Please transcribe exactly, and only, the lines of the data below between the line holding "Wegen Bestandsverkleinerung und" and the line holding "Moneda antigua para", inclusive.
--- START ---
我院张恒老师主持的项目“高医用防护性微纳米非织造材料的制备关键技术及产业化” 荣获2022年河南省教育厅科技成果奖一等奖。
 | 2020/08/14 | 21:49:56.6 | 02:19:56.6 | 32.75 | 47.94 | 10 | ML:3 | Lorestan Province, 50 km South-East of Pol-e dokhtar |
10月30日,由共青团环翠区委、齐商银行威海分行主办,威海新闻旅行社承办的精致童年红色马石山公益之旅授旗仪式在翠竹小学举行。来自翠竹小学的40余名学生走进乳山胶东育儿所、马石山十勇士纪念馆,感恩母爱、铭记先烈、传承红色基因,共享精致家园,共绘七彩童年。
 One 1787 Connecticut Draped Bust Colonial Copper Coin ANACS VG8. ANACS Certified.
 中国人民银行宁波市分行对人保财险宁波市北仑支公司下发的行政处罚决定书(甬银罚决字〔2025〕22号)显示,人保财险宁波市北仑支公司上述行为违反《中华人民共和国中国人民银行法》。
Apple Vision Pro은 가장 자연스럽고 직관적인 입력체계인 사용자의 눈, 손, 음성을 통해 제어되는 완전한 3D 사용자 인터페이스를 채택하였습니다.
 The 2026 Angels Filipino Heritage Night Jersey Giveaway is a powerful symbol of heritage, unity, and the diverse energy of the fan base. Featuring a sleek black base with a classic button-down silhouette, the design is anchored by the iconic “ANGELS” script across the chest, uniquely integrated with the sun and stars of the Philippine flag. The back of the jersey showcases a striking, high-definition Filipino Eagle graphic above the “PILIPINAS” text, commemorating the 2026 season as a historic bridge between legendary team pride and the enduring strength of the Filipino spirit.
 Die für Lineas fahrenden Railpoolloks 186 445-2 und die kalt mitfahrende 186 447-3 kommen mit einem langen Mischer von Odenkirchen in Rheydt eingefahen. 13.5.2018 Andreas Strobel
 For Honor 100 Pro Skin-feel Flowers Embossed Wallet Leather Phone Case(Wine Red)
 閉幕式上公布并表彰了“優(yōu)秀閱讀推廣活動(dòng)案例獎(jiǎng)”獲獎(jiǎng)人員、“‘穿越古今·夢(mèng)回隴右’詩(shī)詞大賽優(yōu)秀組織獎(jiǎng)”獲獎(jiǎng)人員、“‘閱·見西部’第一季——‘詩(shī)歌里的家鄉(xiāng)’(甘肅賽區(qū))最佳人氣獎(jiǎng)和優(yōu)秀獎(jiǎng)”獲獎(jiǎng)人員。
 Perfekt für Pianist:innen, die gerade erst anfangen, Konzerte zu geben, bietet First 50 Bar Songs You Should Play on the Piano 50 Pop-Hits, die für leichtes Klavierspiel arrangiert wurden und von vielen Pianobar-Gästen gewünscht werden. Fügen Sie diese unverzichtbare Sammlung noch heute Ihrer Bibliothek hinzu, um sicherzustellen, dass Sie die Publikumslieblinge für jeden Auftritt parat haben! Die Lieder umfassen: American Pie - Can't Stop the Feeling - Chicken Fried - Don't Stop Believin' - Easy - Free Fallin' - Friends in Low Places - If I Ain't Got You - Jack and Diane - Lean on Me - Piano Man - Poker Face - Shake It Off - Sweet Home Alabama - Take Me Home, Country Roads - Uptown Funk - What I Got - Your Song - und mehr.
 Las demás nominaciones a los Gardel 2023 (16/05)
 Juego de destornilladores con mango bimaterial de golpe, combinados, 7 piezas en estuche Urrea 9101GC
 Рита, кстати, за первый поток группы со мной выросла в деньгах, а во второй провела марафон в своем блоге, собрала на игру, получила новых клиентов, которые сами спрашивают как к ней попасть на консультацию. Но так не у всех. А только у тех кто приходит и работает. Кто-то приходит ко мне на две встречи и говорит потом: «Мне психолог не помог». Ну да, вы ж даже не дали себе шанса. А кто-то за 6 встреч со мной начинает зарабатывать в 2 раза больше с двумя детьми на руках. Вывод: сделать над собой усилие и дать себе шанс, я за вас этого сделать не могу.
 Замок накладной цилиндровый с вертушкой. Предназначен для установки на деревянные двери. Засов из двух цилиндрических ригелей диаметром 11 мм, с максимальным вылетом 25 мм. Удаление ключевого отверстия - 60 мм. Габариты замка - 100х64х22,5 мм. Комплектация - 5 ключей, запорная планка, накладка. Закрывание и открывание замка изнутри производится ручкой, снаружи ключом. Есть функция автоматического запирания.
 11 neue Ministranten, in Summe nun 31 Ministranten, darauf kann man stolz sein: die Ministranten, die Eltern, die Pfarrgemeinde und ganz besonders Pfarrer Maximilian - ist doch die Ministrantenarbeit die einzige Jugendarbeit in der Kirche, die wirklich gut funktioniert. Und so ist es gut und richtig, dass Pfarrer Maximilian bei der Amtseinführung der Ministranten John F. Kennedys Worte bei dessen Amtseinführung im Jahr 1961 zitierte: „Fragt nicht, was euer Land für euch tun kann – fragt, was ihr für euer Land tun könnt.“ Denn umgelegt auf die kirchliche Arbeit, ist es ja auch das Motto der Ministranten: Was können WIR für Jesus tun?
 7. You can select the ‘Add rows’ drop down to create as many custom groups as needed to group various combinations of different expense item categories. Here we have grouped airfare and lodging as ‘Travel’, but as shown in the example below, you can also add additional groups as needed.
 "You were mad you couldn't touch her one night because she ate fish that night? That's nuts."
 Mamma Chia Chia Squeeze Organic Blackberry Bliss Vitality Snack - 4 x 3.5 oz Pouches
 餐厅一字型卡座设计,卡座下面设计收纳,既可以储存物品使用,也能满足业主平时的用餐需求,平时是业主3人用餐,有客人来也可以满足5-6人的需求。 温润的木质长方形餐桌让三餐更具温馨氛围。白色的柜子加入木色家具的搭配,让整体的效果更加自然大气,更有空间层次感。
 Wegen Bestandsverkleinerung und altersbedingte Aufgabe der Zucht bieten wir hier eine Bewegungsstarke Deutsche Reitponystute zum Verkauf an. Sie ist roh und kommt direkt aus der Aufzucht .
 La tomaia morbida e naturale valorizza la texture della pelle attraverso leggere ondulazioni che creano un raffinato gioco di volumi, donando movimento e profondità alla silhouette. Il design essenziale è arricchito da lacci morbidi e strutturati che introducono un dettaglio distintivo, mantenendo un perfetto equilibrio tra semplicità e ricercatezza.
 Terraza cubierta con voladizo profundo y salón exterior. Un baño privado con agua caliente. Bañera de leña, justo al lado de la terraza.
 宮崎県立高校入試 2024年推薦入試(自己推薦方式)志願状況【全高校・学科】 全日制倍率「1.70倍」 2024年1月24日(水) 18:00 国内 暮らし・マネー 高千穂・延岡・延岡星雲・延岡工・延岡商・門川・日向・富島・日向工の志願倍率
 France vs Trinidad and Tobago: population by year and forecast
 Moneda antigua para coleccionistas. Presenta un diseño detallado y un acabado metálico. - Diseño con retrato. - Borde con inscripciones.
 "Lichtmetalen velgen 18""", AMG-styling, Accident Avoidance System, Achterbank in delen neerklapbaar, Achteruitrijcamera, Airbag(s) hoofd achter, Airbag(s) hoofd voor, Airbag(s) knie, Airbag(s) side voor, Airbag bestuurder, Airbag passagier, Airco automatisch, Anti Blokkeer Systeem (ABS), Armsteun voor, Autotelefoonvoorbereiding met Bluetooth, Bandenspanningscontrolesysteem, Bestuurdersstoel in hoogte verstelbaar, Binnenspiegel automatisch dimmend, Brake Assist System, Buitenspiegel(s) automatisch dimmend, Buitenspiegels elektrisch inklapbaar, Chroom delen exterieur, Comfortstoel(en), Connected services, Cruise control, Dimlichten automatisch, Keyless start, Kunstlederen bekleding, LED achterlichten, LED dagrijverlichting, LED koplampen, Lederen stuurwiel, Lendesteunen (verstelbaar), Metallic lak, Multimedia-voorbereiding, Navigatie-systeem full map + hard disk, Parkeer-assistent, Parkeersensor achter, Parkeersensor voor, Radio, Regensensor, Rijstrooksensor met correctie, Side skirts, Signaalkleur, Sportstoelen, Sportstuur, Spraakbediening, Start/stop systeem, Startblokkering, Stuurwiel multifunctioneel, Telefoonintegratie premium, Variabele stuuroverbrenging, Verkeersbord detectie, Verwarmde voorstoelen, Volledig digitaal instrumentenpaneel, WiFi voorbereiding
--- END ---
■ **EXPECTED ANSWER**
 Wegen Bestandsverkleinerung und altersbedingte Aufgabe der Zucht bieten wir hier eine Bewegungsstarke Deutsche Reitponystute zum Verkauf an. Sie ist roh und kommt direkt aus der Aufzucht .
 La tomaia morbida e naturale valorizza la texture della pelle attraverso leggere ondulazioni che creano un raffinato gioco di volumi, donando movimento e profondità alla silhouette. Il design essenziale è arricchito da lacci morbidi e strutturati che introducono un dettaglio distintivo, mantenendo un perfetto equilibrio tra semplicità e ricercatezza.
 Terraza cubierta con voladizo profundo y salón exterior. Un baño privado con agua caliente. Bañera de leña, justo al lado de la terraza.
 宮崎県立高校入試 2024年推薦入試(自己推薦方式)志願状況【全高校・学科】 全日制倍率「1.70倍」 2024年1月24日(水) 18:00 国内 暮らし・マネー 高千穂・延岡・延岡星雲・延岡工・延岡商・門川・日向・富島・日向工の志願倍率
 France vs Trinidad and Tobago: population by year and forecast
 Moneda antigua para coleccionistas. Presenta un diseño detallado y un acabado metálico. - Diseño con retrato. - Borde con inscripciones.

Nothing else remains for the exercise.